• [PROBLEM DESCRIPTION] Give all the lines below again, exactly, with no pictures.

• [DATA SHOWN]
───
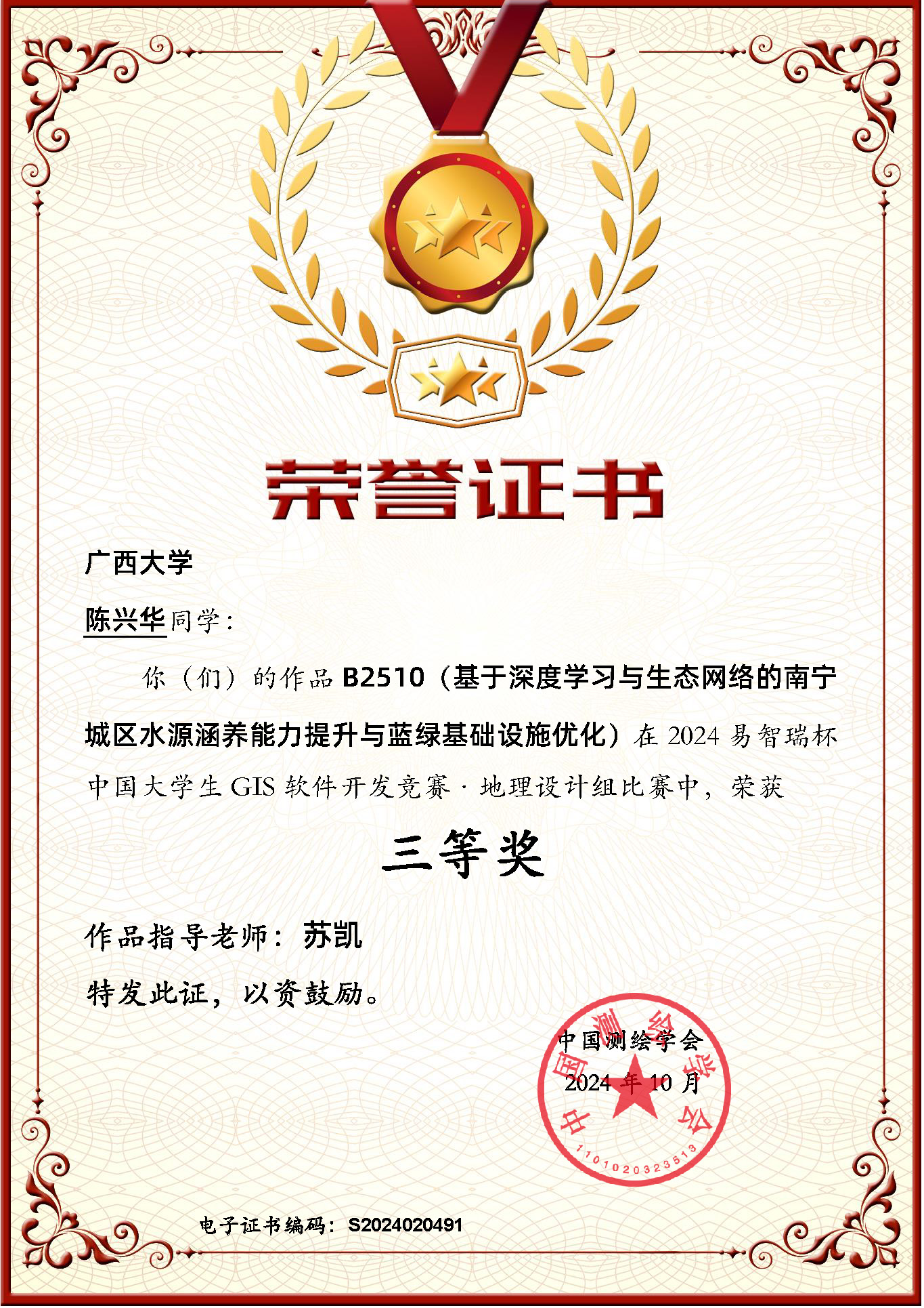 近日,2024年“易智瑞杯”中国老员工GIS软件开发竞赛地理设计组评选结果正式揭晓!由公司苏凯老师指导的作品《生态安全网络的鲁棒性分析与重要节点识别:基于多层网络的探索与应用》(参赛员工:陈斌、屈垟、甘多、李卓轩)和《基于深度学习与生态网络的南宁城区水源涵养能力提升与蓝绿基础设施优化》(参赛员工:陈兴华),获地理设计组三等奖。
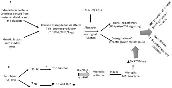 The immune system consists of a set of molecules and cells that are organized in tissues and organs while functioning close interacting to generate a protective response against invaders. Two components of immunity are recognized: innate and adaptive. The former recognizes pathogen-associated molecular patterns [1] and activates unspecialized cells to produce pro-inflammatory and regulatory cytokines, which function to mediate effector adaptive mechanisms via effector cells of adaptive immunity (Th1, Th2 Treg, and B cells) [2,3]. The role of adaptive immunity in neurodevelopmental disorders is supported by alterations in T- and B-cell subsets and (auto)antibody levels in the blood, cerebrospinal fluid (CSF), and brain tissues, during disease [2,3]. These cells cross the blood–brain barrier and secrete cytokines dependent upon the type of target antigen recognized in central nervous system (CNS) by antigen-presenting cells (APCs). T cell subtypes secrete variable cytokines that counter-regulate each other [4], and an imbalance between pro- and anti-inflammatory pathways is seen that plays an important role in the pathogenesis of neuropsychiatric disorders such as autism [3,5,6].
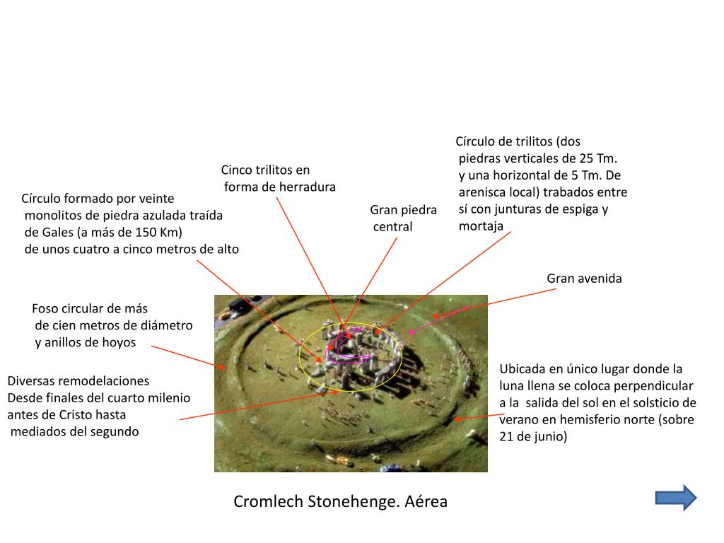 Círculo de trilitos (dos piedras verticales de 25 Tm. y una horizontal de 5 Tm. De arenisca local) trabados entre sí con junturas de espiga y mortaja Cinco trilitos en forma de herradura Círculo formado por veinte monolitos de piedra azulada traída de Gales (a más de 150 Km) de unos cuatro a cinco metros de alto Gran piedra central Gran avenida Foso circular de más de cien metros de diámetro y anillos de hoyos Ubicada en único lugar donde la luna llena se coloca perpendicular a la salida del sol en el solsticio de verano en hemisferio norte (sobre 21 de junio) Diversas remodelaciones Desde finales del cuarto milenio antes de Cristo hasta mediados del segundo Cromlech Stonehenge. Aérea
───
• [EXERCISE ANSWER]
 近日,2024年“易智瑞杯”中国老员工GIS软件开发竞赛地理设计组评选结果正式揭晓!由公司苏凯老师指导的作品《生态安全网络的鲁棒性分析与重要节点识别:基于多层网络的探索与应用》(参赛员工:陈斌、屈垟、甘多、李卓轩)和《基于深度学习与生态网络的南宁城区水源涵养能力提升与蓝绿基础设施优化》(参赛员工:陈兴华),获地理设计组三等奖。
 The immune system consists of a set of molecules and cells that are organized in tissues and organs while functioning close interacting to generate a protective response against invaders. Two components of immunity are recognized: innate and adaptive. The former recognizes pathogen-associated molecular patterns [1] and activates unspecialized cells to produce pro-inflammatory and regulatory cytokines, which function to mediate effector adaptive mechanisms via effector cells of adaptive immunity (Th1, Th2 Treg, and B cells) [2,3]. The role of adaptive immunity in neurodevelopmental disorders is supported by alterations in T- and B-cell subsets and (auto)antibody levels in the blood, cerebrospinal fluid (CSF), and brain tissues, during disease [2,3]. These cells cross the blood–brain barrier and secrete cytokines dependent upon the type of target antigen recognized in central nervous system (CNS) by antigen-presenting cells (APCs). T cell subtypes secrete variable cytokines that counter-regulate each other [4], and an imbalance between pro- and anti-inflammatory pathways is seen that plays an important role in the pathogenesis of neuropsychiatric disorders such as autism [3,5,6].
 Círculo de trilitos (dos piedras verticales de 25 Tm. y una horizontal de 5 Tm. De arenisca local) trabados entre sí con junturas de espiga y mortaja Cinco trilitos en forma de herradura Círculo formado por veinte monolitos de piedra azulada traída de Gales (a más de 150 Km) de unos cuatro a cinco metros de alto Gran piedra central Gran avenida Foso circular de más de cien metros de diámetro y anillos de hoyos Ubicada en único lugar donde la luna llena se coloca perpendicular a la salida del sol en el solsticio de verano en hemisferio norte (sobre 21 de junio) Diversas remodelaciones Desde finales del cuarto milenio antes de Cristo hasta mediados del segundo Cromlech Stonehenge. Aérea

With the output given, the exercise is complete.